The key takeaway from the survey is that the radical shift in consumer behavior sparked by the pandemic made many financial institutions acknowledge that static, rules-based transaction monitoring strategies simply aren’t as accurate or adaptive as AI-powered systems. A COVID-driven surge in cyber fraud forced a third of surveyed financial institutions across the globe to accelerate their AI and machine learning technology for AML purposes.

The Impact of AI and Machine Learning Technologies

According to survey respondents, the primary drivers of AI and ML adoption are to improve the quality of investigations and regulatory filings (40%) and reduce false positives and resulting operating costs (38%). More than half (57%) have either deployed AI/machine learning in their AML compliance processes, are piloting AI solutions, or plan to implement them in the next 12 to 18 months.

Regulatory agencies and AML teams are in agreement that innovation and automation offer a path to improvement. There’s clearly shared hope that these tools will produce truly effective financial intelligence that weeds out the bad guys.

Proof That Size is Not the Issue

Technology adoption is not just limited to the largest financial institutions either. An impressive 16% of smaller financial (valued below $1 billion) view themselves as industry leaders in AI adoption. Compare that with the 28% of surveyed large financial institutions (with assets greater than $1 billion) who consider themselves innovators and fast adopters of AI technology.

Advanced technological solutions are clearly not beyond the reach of smaller financial organizations. Smaller and larger organizations alike are subject to the same level of scrutiny, so it’s important right now that these numbers continue to rise. What’s more, smaller institutions are more sensitive to the increasing costs associated with hiring more AML investigative staff to keep up with regulatory expectations as well as growth.

How QuantaVerse Findings Compare with the Survey

As the study notes, AI and machine learning are gaining serious momentum in AML compliance. The technology is helping to reduce false positives, ease caseloads, streamline reporting, and lower operational costs.

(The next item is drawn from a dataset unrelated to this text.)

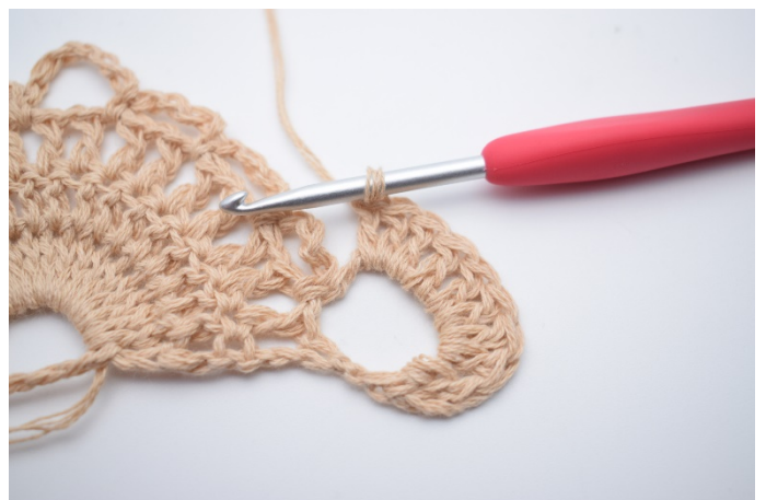
2. Hækl 9 stgm i lm-buen (10 stgm).
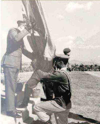
वि.सं. २०२४ साल फाल्गुन ७ गतेका दिन तत्कालीन श्री ५ महाराजाधिराज महेन्द्र वीर विक्रम शाहबाट निशान भण्डा ग्रहण गर्ने क्रममा श्री राष्ट्रिय सेवा दल

छात्र/छात्राहरूलाई साधारण सैनिक तालिम दिई उनीहरूमा देशप्रीति वफादारीको भावना अरु बढी जागृत गराउन र आत्मविश्वास तथा नेतृत्वको क्षमता बढाउने उद्देश्यले राष्ट्रिय सेवा दलको स्थापना भएको हो ।

The right AI and machine learning solution can be quickly integrated into existing compliance programs with minimal disruption. Early adopters of these approaches are quickly realizing significant efficiencies while helping their institutions comply with rising regulatory expectations.

Financial institutions using QuantaVerse solutions have seen false positives coming from the TMS drop by 25 to 40%.  In addition, QuantaVerse customers are experiencing a 70% reduction in time spent investigating the alerts that are produced. On average, QuantaVerse’s technology helps financial institutions turn a 15-minute review into a 5-minute triage, a 3-hour investigation into a 1-hour investigation, and a 5-hour HRE review into a 1-hour HRE review.

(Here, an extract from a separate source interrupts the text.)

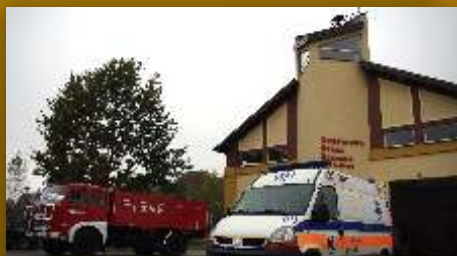
Nowy budynek OSP i Pogotowia w Jedliczu
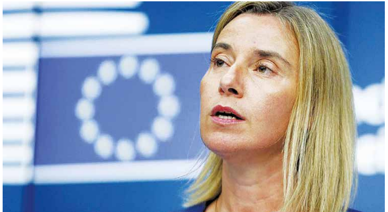
La jefa de la UE tiene una cruzada contra la Revolución Bolivariana.

Pero, en Venezuela, desde el 8 de octubre partidos y organizaciones políticas que promuevan el odio y el fascismo, serán inhabilitados. Y, en

All data work and analysis are done by machines before presenting findings. Risk scoring, transaction details, typology, and counterparty risk are clearly presented to investigators for high-risk FCIRs and further supported by relationship visualizations. This shifts investigators’ time and focus where it’s most needed, and cases can be completed in a fraction of the time.

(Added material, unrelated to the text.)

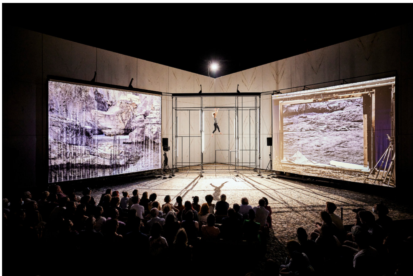
ANIMA , Collection Lambert (Avignon)

What’s more, 100% of QuantaVerse deployments have found previously unidentified risk (false negatives). This helps meets changing regulatory expectations, which indicate that mediocre AML outcomes are no longer acceptable.

What’s Next for AML Technology

According to Wealth Insight, it is estimated that global AML spend exceeds $8 billion annually. Despite the pandemic’s disruption, 29% of compliance professionals surveyed in the report stated that their AI/machine learning adoption plans will continue unabated. Having learned the lessons of 2020, and with incidents of financial crime continuing to increase globally, the biggest risk financial firms face right now is the risk of doing nothing to stay ahead of the criminals and in full regulatory compliance.